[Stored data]
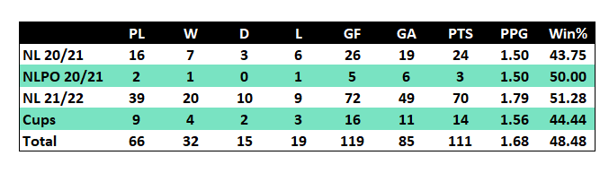 As usual this is the new table that is also available to view on the player stats page of the website here. There will also be separate tables for the two cup competitions.
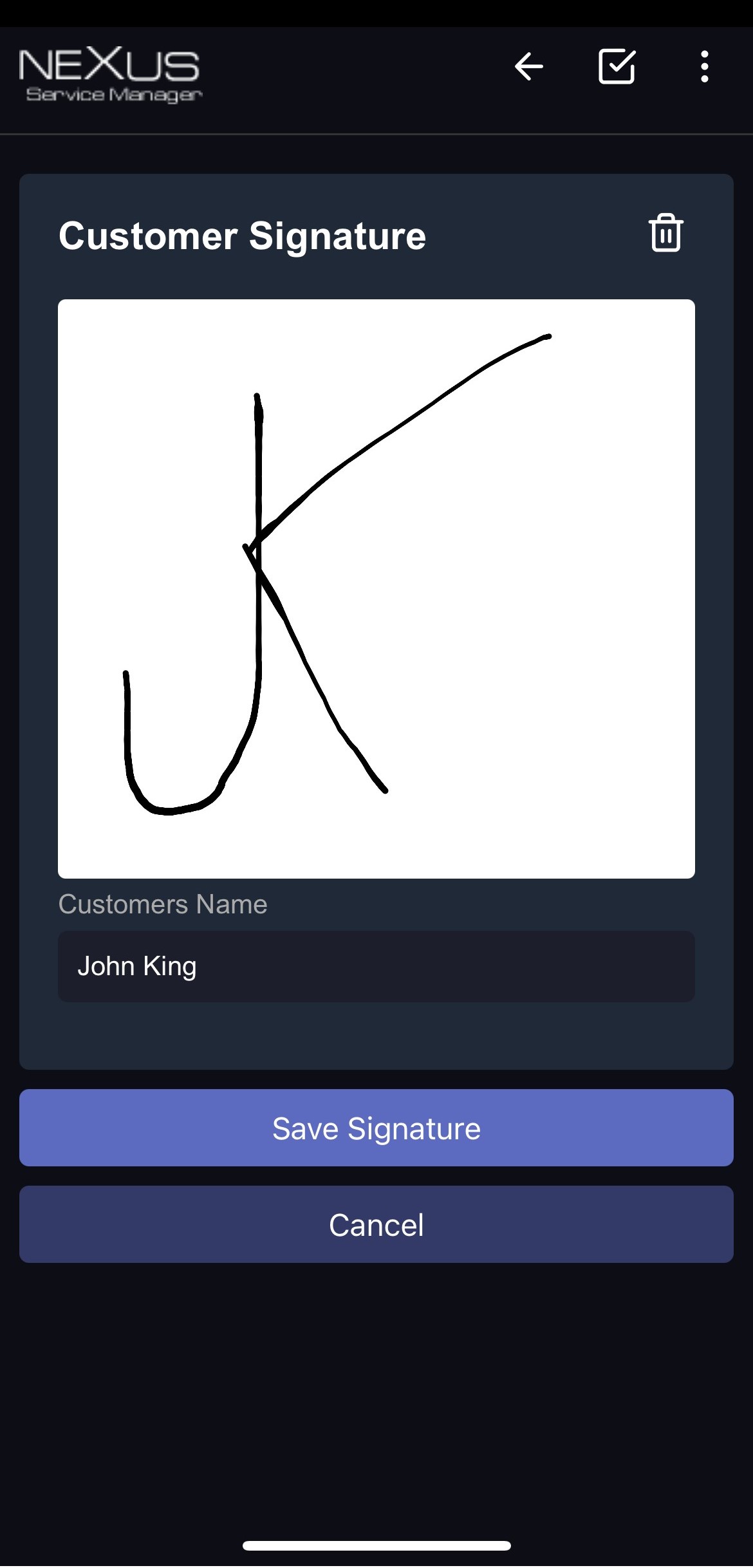 This function is to collect the customer signature when the job is done as proof that the job was successfully completed. The signature can be displayed on a service report.
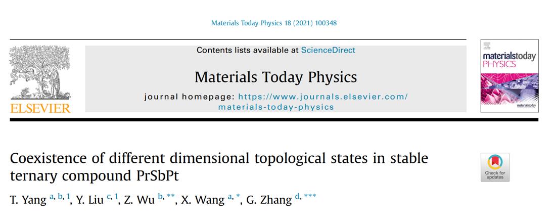 (5)Mater. Today Phys.,18,100348 (2021)论文的第一作者为杨铁副教授和河北工业大学刘影博士,通讯作者为重庆师范大学毋志民教授、海棠书屋 王啸天副教授和新加坡科技局张刚教授。我们在PrSbPt中发现罕见的0,1,2维简并能带共存的特性,并对其深层物理机制展开研究。
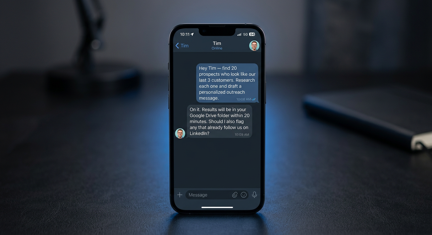 Tim changes that equation entirely. I can tell Tim: find me 20 people who look like our last three best customers, do the research on each of them, and draft a personalized LinkedIn message for each one. Tim goes and does it. What lands in my Drive folder is a first draft I can review in thirty minutes and send with thirty seconds of editing. My brain stays on the decision-making. Tim handles the legwork.
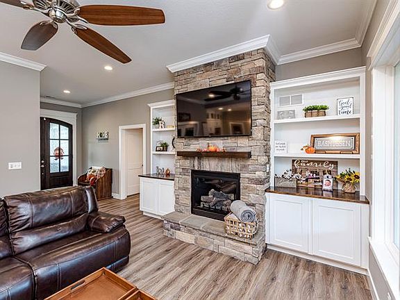 Come and see this beautiful 3 bedroom, 2 bathroom, 3 car garage home sitting on almost 5 acres that includes a fully-stocked pond! This 1900 square foot home is located in the wonderful Hallsville community! Step outside and enjoy the large covered patio with a beautiful view of the trees. Boasting lovely kitchen features such as gorgeous quartz counter tops, a double oven, and a pantry. The living room offers a beautiful stone fireplace to cozy up to. The master bathroom includes a stunning custom-tiled shower and a separate jetted tub. This home also offers Geothermal heating cooling and a tankless water heater. Schedule your appointment today so you don't miss out on this absolute gem!

• What you are asked to do: Every line from the top of the entries through the line that holds "(5)Mater. Today Phys.,18,100348" is to be quoted exactly, please, and nothing else; omit the pictures.

• Result of the exercise:
 As usual this is the new table that is also available to view on the player stats page of the website here. There will also be separate tables for the two cup competitions.
 This function is to collect the customer signature when the job is done as proof that the job was successfully completed. The signature can be displayed on a service report.
 (5)Mater. Today Phys.,18,100348 (2021)论文的第一作者为杨铁副教授和河北工业大学刘影博士,通讯作者为重庆师范大学毋志民教授、海棠书屋 王啸天副教授和新加坡科技局张刚教授。我们在PrSbPt中发现罕见的0,1,2维简并能带共存的特性,并对其深层物理机制展开研究。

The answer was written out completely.